Abstract

Pemphigus vulgaris (PV) is a potentially life-threatening, organ-specific, autoimmune, blistering disease of the skin and mucous membranes. Although several reports suggest an association between pemphigus and other autoimmune connective tissue disorders, studies that measure non-organ-specific autoantibodies are lacking. To evaluate the prevalence of antinuclear antibodies (ANA), anti-double-stranded DNA (anti-dsDNA) antibodies, and antibodies against extractable nuclear antigens (ENAs) in PV patients. Serum samples were obtained from 59 PV patients and 50 healthy controls. Indirect immunofluorescence assays containing human epithelial cell substrates (HEp-2) and Crithidia luciliae were used to detect ANA and anti-dsDNA antibodies, respectively. A multiplexed addressable laser bead immunoassay was employed to measure autoantibodies to: Smith (Sm), ribonucleoprotein (RNP), Sjögren syndrome B (SSB/La), Sjögren syndrome A (SSA/Ro), histidyl transfer ribonucleic acid synthetase (Jo-1), topoisomerase I (Scl-70), and ribosome-P (Ribo-P) antigens.
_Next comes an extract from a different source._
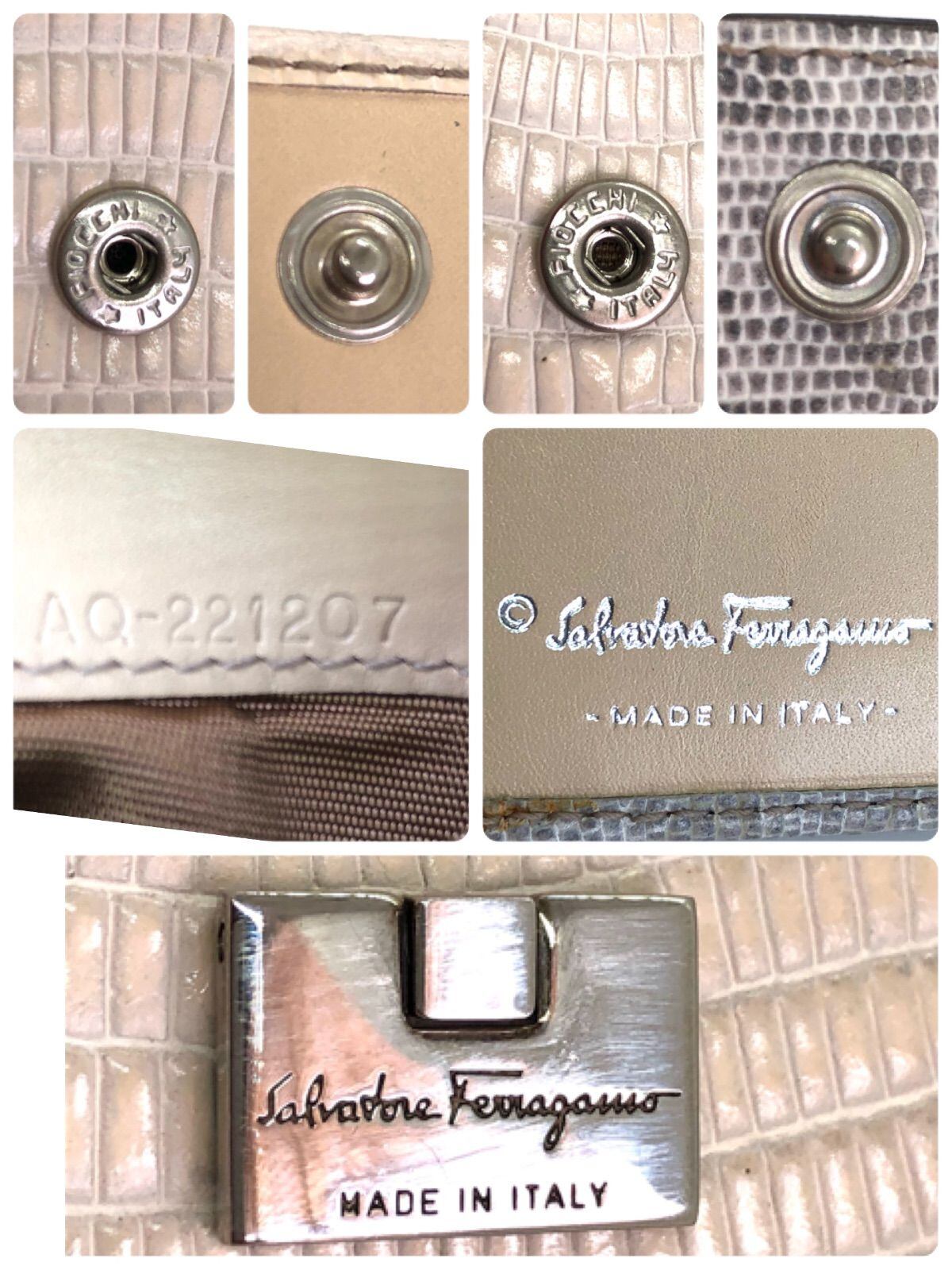 Salvatore Ferragamo サルヴァトーレフェラガモ リザード型押しレザー 折り財布 ベージュ シルバー金具 イタリア製 刻印あり レディース

Positive ANAs were obtained in 22 of 59 (37.3%) PV patients compared with 4 of 50 (8.0%) healthy controls (p <or= .01). In both the patient and control populations, anti-dsDNA antibodies were absent. Antibodies against the ENAs were present in 1 of 59 (1.7%) PV patients compared with 0 of 50 (0%) controls. In the single ENA-positive PV patient, antibodies to SSB/La (1.7%) and SSA/Ro (1.7%) were detected. Non-organ-specific autoantibodies are prevalent in the PV population. As ANAs are detected in over one-third of PV patients, clinicians should screen for signs and symptoms of other connective tissue disease. Correlative clinical studies are warranted to determine the diagnostic, prognostic, and therapeutic significance of these findings.